▸ **EXERCISE AIM**
For the data below, give again exactly the lines from the one containing "저희 법무법인 해강은" through the one containing "Why not go vertical?", both ends included, and no others.

▸ **DATA SHOWN**
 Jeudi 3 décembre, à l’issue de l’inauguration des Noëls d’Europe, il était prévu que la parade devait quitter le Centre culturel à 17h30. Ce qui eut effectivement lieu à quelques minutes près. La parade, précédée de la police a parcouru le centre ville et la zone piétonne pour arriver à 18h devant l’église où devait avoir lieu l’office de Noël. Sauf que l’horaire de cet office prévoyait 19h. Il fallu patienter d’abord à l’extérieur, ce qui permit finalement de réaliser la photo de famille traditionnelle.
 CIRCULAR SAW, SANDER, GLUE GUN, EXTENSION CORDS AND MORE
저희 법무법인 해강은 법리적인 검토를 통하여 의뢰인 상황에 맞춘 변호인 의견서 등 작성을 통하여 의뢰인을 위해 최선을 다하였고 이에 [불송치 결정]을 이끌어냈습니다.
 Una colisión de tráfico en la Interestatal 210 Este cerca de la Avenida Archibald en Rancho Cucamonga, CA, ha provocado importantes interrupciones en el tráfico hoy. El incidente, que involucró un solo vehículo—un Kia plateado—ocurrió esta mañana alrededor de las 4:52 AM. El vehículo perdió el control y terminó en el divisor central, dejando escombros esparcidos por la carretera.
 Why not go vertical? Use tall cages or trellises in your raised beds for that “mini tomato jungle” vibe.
--
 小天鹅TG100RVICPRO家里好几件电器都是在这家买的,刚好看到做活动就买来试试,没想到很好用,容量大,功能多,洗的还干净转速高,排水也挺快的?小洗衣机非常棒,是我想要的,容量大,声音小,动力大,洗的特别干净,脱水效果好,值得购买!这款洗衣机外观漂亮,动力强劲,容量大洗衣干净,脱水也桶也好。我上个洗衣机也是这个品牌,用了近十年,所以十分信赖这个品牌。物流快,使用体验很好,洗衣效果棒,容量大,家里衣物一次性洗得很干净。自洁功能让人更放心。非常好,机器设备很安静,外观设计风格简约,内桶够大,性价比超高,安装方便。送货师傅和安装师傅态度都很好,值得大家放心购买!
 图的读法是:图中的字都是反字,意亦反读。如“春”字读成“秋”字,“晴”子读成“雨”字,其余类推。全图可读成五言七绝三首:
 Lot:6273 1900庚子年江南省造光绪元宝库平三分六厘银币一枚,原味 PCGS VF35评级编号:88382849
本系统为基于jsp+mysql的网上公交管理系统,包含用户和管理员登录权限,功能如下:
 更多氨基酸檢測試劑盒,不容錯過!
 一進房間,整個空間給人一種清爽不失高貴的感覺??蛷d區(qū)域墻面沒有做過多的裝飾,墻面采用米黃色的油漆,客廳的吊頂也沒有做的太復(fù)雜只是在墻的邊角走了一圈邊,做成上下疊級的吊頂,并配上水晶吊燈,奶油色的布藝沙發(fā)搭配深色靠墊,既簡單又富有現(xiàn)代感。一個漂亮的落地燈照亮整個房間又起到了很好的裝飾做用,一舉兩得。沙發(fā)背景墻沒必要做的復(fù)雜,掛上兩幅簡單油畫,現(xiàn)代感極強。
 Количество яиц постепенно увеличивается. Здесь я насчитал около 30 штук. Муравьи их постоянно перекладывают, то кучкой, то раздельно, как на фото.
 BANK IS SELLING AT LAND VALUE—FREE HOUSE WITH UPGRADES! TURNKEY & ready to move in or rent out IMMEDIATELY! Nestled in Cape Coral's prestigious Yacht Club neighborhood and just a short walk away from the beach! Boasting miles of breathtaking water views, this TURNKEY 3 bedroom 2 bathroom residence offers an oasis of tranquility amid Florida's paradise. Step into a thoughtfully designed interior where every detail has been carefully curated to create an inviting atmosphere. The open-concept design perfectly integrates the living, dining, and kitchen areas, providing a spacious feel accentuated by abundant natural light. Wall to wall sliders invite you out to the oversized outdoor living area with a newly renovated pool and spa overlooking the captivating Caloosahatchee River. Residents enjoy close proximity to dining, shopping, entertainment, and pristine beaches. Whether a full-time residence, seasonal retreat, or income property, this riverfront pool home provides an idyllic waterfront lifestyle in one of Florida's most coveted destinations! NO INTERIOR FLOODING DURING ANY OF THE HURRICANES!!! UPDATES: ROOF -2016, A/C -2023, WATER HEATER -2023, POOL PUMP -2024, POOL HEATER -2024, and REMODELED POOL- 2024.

▸ **ANSWER FOR THE TASK**
저희 법무법인 해강은 법리적인 검토를 통하여 의뢰인 상황에 맞춘 변호인 의견서 등 작성을 통하여 의뢰인을 위해 최선을 다하였고 이에 [불송치 결정]을 이끌어냈습니다.
 Una colisión de tráfico en la Interestatal 210 Este cerca de la Avenida Archibald en Rancho Cucamonga, CA, ha provocado importantes interrupciones en el tráfico hoy. El incidente, que involucró un solo vehículo—un Kia plateado—ocurrió esta mañana alrededor de las 4:52 AM. El vehículo perdió el control y terminó en el divisor central, dejando escombros esparcidos por la carretera.
 Why not go vertical? Use tall cages or trellises in your raised beds for that “mini tomato jungle” vibe.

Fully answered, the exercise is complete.